Archive for April, 2010

Toronto Freedom Festival-May 1st, 2010

Friday, April 30th, 2010

April 30, 2010 – GLOBAL MARIJUANA MARCH – On May 1 (not April 20th, as many assume), potheads around the city will unite for the flagship event of Toronto Freedom Festival: the Global Marijuana March (GMM). Although these marches take place in 200 cities worldwide, Toronto’s edition is the largest of its kind. The event is sponsored by Cannabis As Living Medicine (C.A.L.M.), which provided safe access to the drug for Canadians with significant medical need until it closed after a controversial raid by Toronto Police in March. Prior to this, C.A.L.M. was the oldest and largest compassion organization. As a result, according to the GMM website, 2,500 people are now without access to their medicine.

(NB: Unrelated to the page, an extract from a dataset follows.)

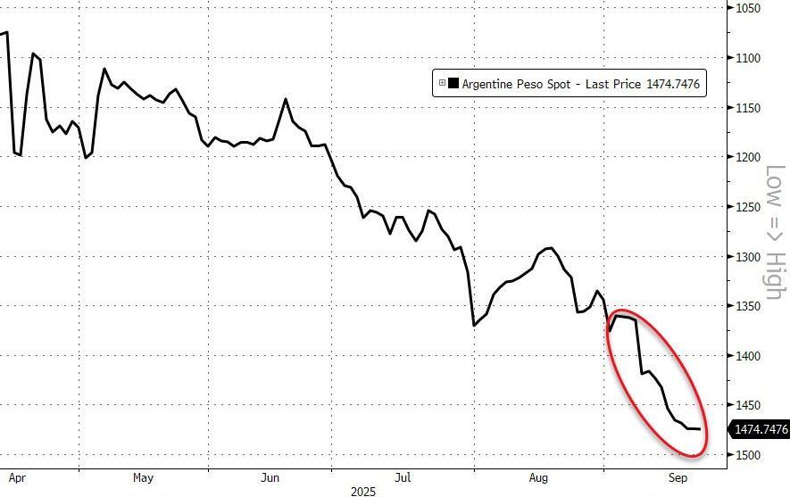 Following his government's resounding loss in local elections - seen as a harbinger of next month's congressional races - Argentine President Milei is facing a renewed crisis as the embattled South American country's currency is collapsing amid fears that he will scrap his defense of the peso (which has already cost hundreds of millions of dollars) and let it plunge as so many of his predecessors have done.

The march, now in its 12th year, is a peaceful one. The route goes north from Queen’s Park to Bloor. It will then turn east onto Yonge Street, south to Wellesley and back west towards Queen’s Park for the 420 Countdown, which features DJ Muggs of Cypress Hill on the main stage. If you miss him then, catch him at the after-party at the Great Hall at midnight. The event will be grand-marshalled by Marc Emery. The march will also serve to raise awareness and support for preventing his extradition to the US for the drug distribution charge to which he’s already pleaded guilty.

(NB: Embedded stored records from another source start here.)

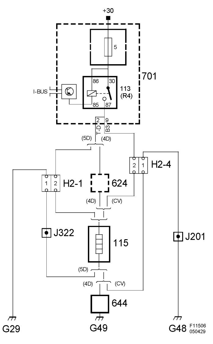 Electrical heating coil is supplied with voltage B+ from REC pin 9(B3) (relay, electrically heated rear window).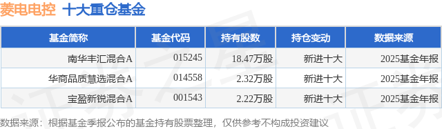 重仓菱电电控的公募基金请见下表: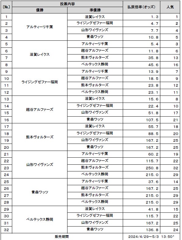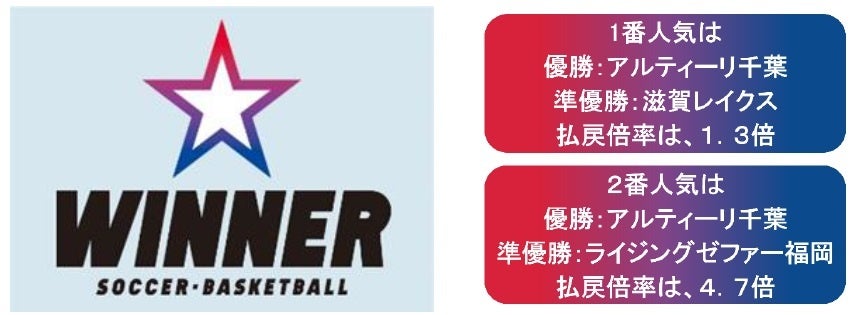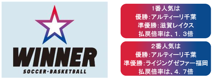 優勝・準優勝予想の1番人気は、優勝が東地区1位で歴代最高勝率を記録したレギュラーシーズン勝率93.3%のアルティーリ千葉、準優勝が西地区1位で同勝率73.3%の滋賀レイクスで、払戻倍率(オッズ)は1.3倍!2番人気は、優勝がアルティーリ千葉、準優勝が西地区2位で同勝率60%のライジングゼファー福岡で、払戻倍率(オッズ)は4.7倍、3番人気は、優勝が滋賀レイクス、準優勝がアルティーリ千葉で、払戻倍率(オッズ)は5.4倍、となっています。

People are expected to congregate around noon in Queen’s Park to get ready for the 2pm march. Last year over 20,000 people participated.

SPEAKER’S STAGE
The Toronto Freedom Festival’s Speaker’s Stage starts May 1 with a talk on Alternative Medicine from 12:30 to 2pm. Among the speakers is the young visionary, Darren Austin Hall, a practitioner of traditional Chinese medicine who aims to spread the core ideas about physical health and the inner world of psyche and spirit. Patrick Moughenda Mikala, a Shaman (healer) for over 25 years, uses ancient traditional African spiritual practices and specializes in the use of various plants and herbs to heal problems ranging from addiction issues to psychological traumas. Accompanying him is Julia Malone, an architectural designer and currently the director of the Iboga House, one of Mikala’s centres located in Costa Rica. Also speaking will be activist Marc-Boris Saint-Maurice, founder of the Bloc Pot, a provincial political party in Quebec that aims for the decriminalization and legalization of marijuana; Alison Myrden from the group Law Enforcement Against Prohibition; and Marco Renda, the editor-in-chief of Treating Yourself – The Alternative Medicine, a medical marijuana forum online.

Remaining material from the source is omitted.